Those who put up yellow ribbons and flags along the route welcoming home Cambridge Springs-based National Guard Stryker troops are being asked to leave them up through Sept. 25. That’s the date of a welcoming ceremony being organized to honor the troops now that they are home.

COOL 101.7 FM and The Meadville Tribune collaborated to present a live broadcast as more Cambridge Springs-based National Guard Stryker troops came home Monday afternoon.

The broadcast included several interviews, including one with the 1st Battalion, 112th Infantry executive officer, Maj. Tim Foor.

Foor stressed how much the welcome home meant to the unit. In his eyes and through his voice, you could tell that the effort the community showed touched the soldiers more than we can fully appreciate.

A slew of veterans’ organizations were represented at each of the homecomings for Stryker troops at the Cambridge Springs Readiness Center.
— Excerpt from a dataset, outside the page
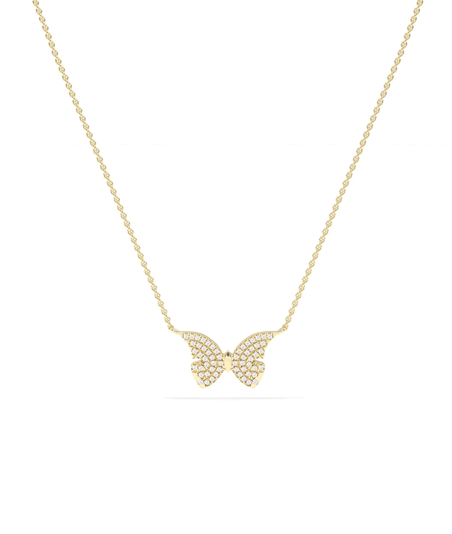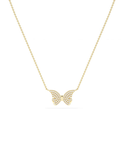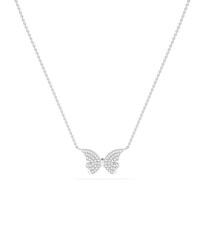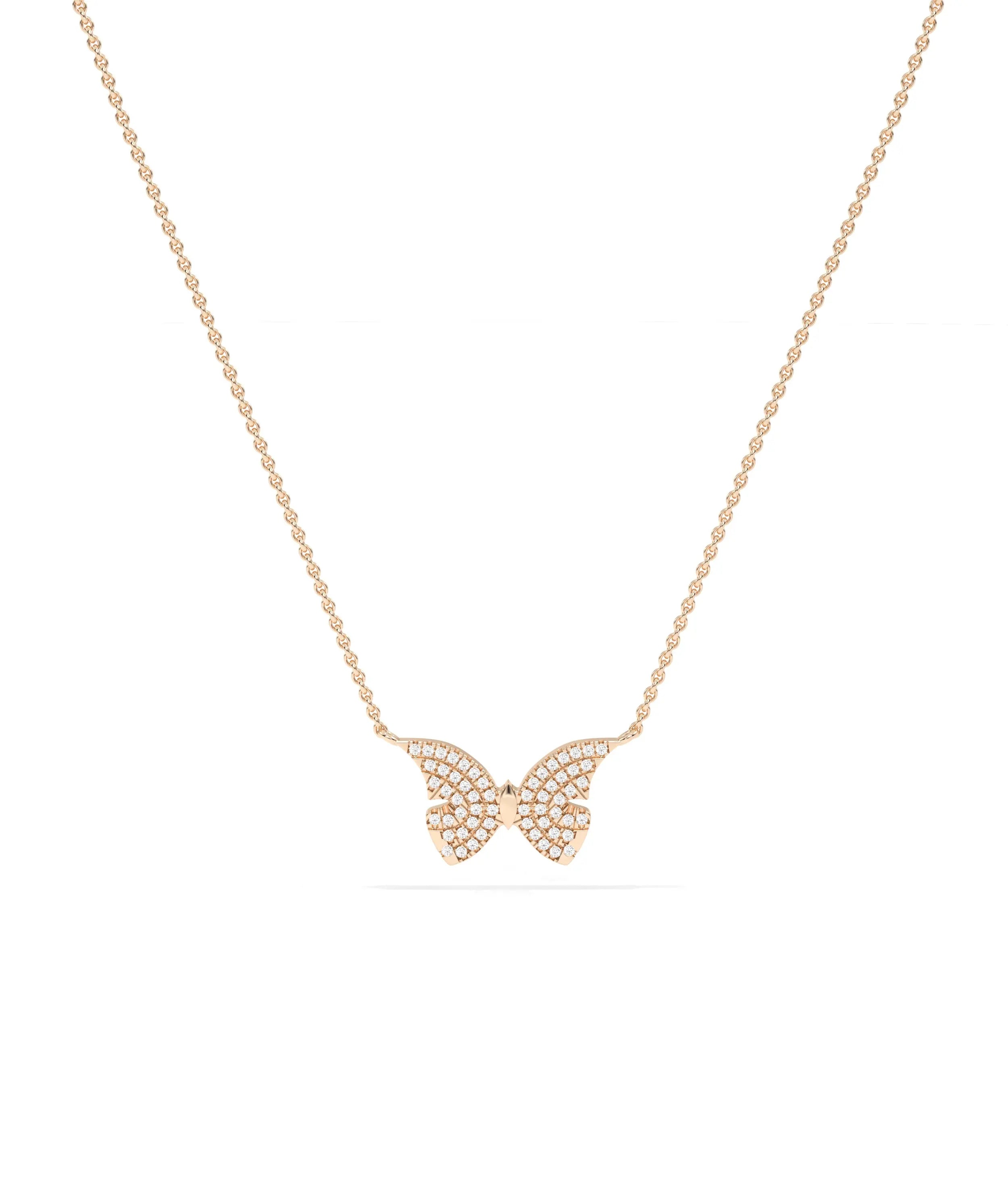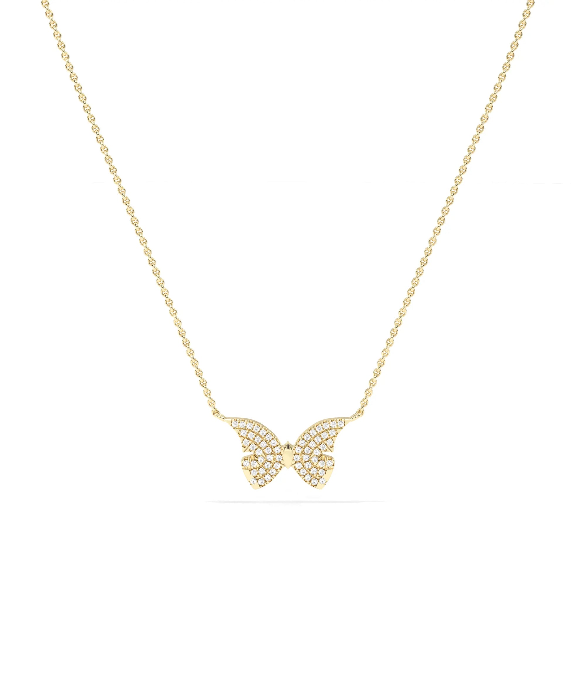 Butterflies represent transformation, freedom, rebirth, and natural beauty. These enchanting creatures symbolize resilience and life's positive changes. The Diamond Pave Butterfly Necklace incorporates this uplifting imagery celebrating personal growth and renewal. Wearing butterfly jewelry expresses embracing change, celebrating new beginnings, or connection to nature's delicate grace with sophisticated elegant meaningful transformative beautiful symbolic presence and inspiring uplifting cherished natural symbolic style.

Among them were two individuals who may play a key role for newly returned troops and their families seeking access to health care and other veterans benefits.

On Saturday, Jim Miller, manager of the Operation Enduring Freedom and Opera-tion Iraqi Freedom Program at the Erie Veterans Administra-tion Medical Center, was on hand as the soldiers returned.

Attending Monday was Rich Moore, a Vietnam-era veteran who is staff assistant to the director for special programs at the Erie medical center.

Both are involved in programs specifically designed to meet the needs of veterans of Iraq and Afganistan.

Also on hand was Phil Davis, a charter member of the Meadville-based Veterans of the Vietnam War Inc. Jack Greer Memorial Post 52. Davis and other post members have been active spreading the word that they stand ready to help meet Iraq and Afghanstan veterans’ needs.

One of the three buses bringing the troops home Monday apparently was pulled over by the Pennsylv-ania State Police for speeding. The third bus apparently had become separated from the other two after passing through a construction zone, according to Sgt. Davina Knight, a personnel staffer with the 1st Battalion, 112th Infantry of the 56th Stryker Brigade at Cambridge Springs. Knight’s husband, Justin, was aboard the bus, she said. The driver of the third bus sped up to catch up with the other two buses and was pulled over by police. The bus was released without a ticket being issued, she said.

The call for cookies to welcome home the troops drew an overwhelming response — more than 1,000 dozen cookies.

Delores Hale, one of those involved in the welcoming for the troops, estimated some 15,000 cookies were donated. Donations were given from individuals, churches and civic organizations.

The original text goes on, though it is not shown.